In December and January 1915, the 1st Battalion Cheshire Regiment was holding the line in the vicinity of Wulverghem in the Ypres Salient. Although there had been little movement by either the German or British positions for a couple of months, the General Staff were unsettled about the large scale unofficial truce that had recently taken place in no-man's land. Although men from the battalion had not fraternised with the enemy during the celebrated Christmas Truce, half a dozen other battalions from 5 Division, including from 1/6 Battalion Cheshire regiment had done so, and enjoyed a boisterous football match with the enemy.
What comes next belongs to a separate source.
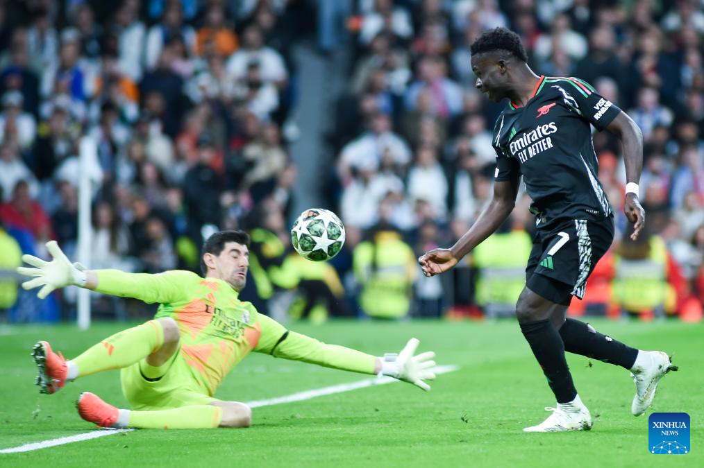 MADRID, 17 abril, 2025 (Xinhua) -- Imagen del 16 de abril de 2025 de Bukayo Saka (d), de Arsenal, realizando una anotación ante el guardameta, Thibaut Courtois, de Real Madrid, durante el partido de vuelta de cuartos de final de la Liga de Campeones de la UEFA entre Real Madrid y Arsenal, en Madrid, España. (Xinhua/Gustavo Valiente)
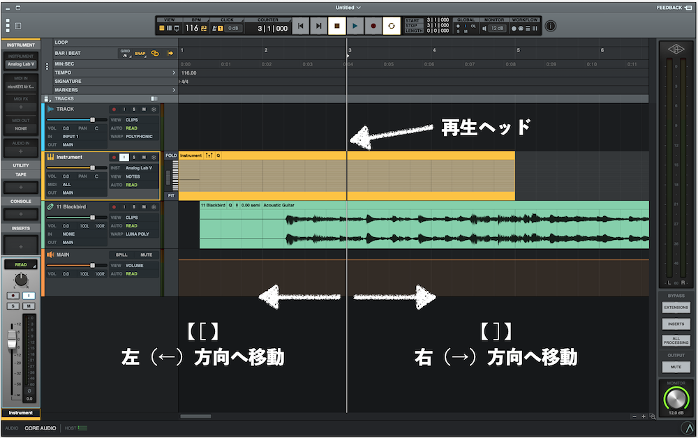 再生ヘッド(Play Head)の移動

After a couple of days, hostilities resumed and although the cold and muddy conditions at the front were unsuitable for major operations both sides were constantly probing the others defences. The latter activities included reconnaissance patrols or raids that were generally conducted at night. The procedure for dealing with these incidents generally stipulated that the enemy had to be repulsed and a warning had to be communicated to other troops in the sector, in the support trenches. However, because the night time raids were stealthily and swiftly executed, it would not have been unusual for the raiders to be back in their own lines before the victims of their attack were able to summon assistance from the support trenches.

If it appeared that a raid was likely to overwhelm soldiers in the British front line trenches, they were expected to fall back to designated support points, to rally and repel the incursion. This had already happened on numerous occasions and while many such retirements later proved to be false alarms, the soldiers who had been 'spooked' were subsequently punished, for quitting their posts. Of the latter, ten soldiers had been separately tried and sentenced to death by Field General Courts Martial for quitting their posts but thus far their punishments had been commuted to lesser, mostly custodial sentences.

The incident that led to Lance Corporal Povey being executed for Quitting his Post was essentially a false alarm. Although there is no reference to the weather conditions at 2.30.a.m. on 28 January, the weather in the sector had been changeable, with a good deal of freezing rain and fog restricting visibility. If that was indeed the case, there is nowhere any reference to the fact in any documentary evidence associated with Povey's case or for that matter, the cases of the other men who were put on trial.

On 8 February, Field Marshal confirmed the death sentence passed on Corporal Povey was executed at St. Jans Cappel in the Ypres Salient at 7.45 a.m. on 11 February 1915. If his executioners bothered to record where they buried Povey's body, the information did not survive the war and the NCO has no known grave though his name is engraved on the Menin Gate.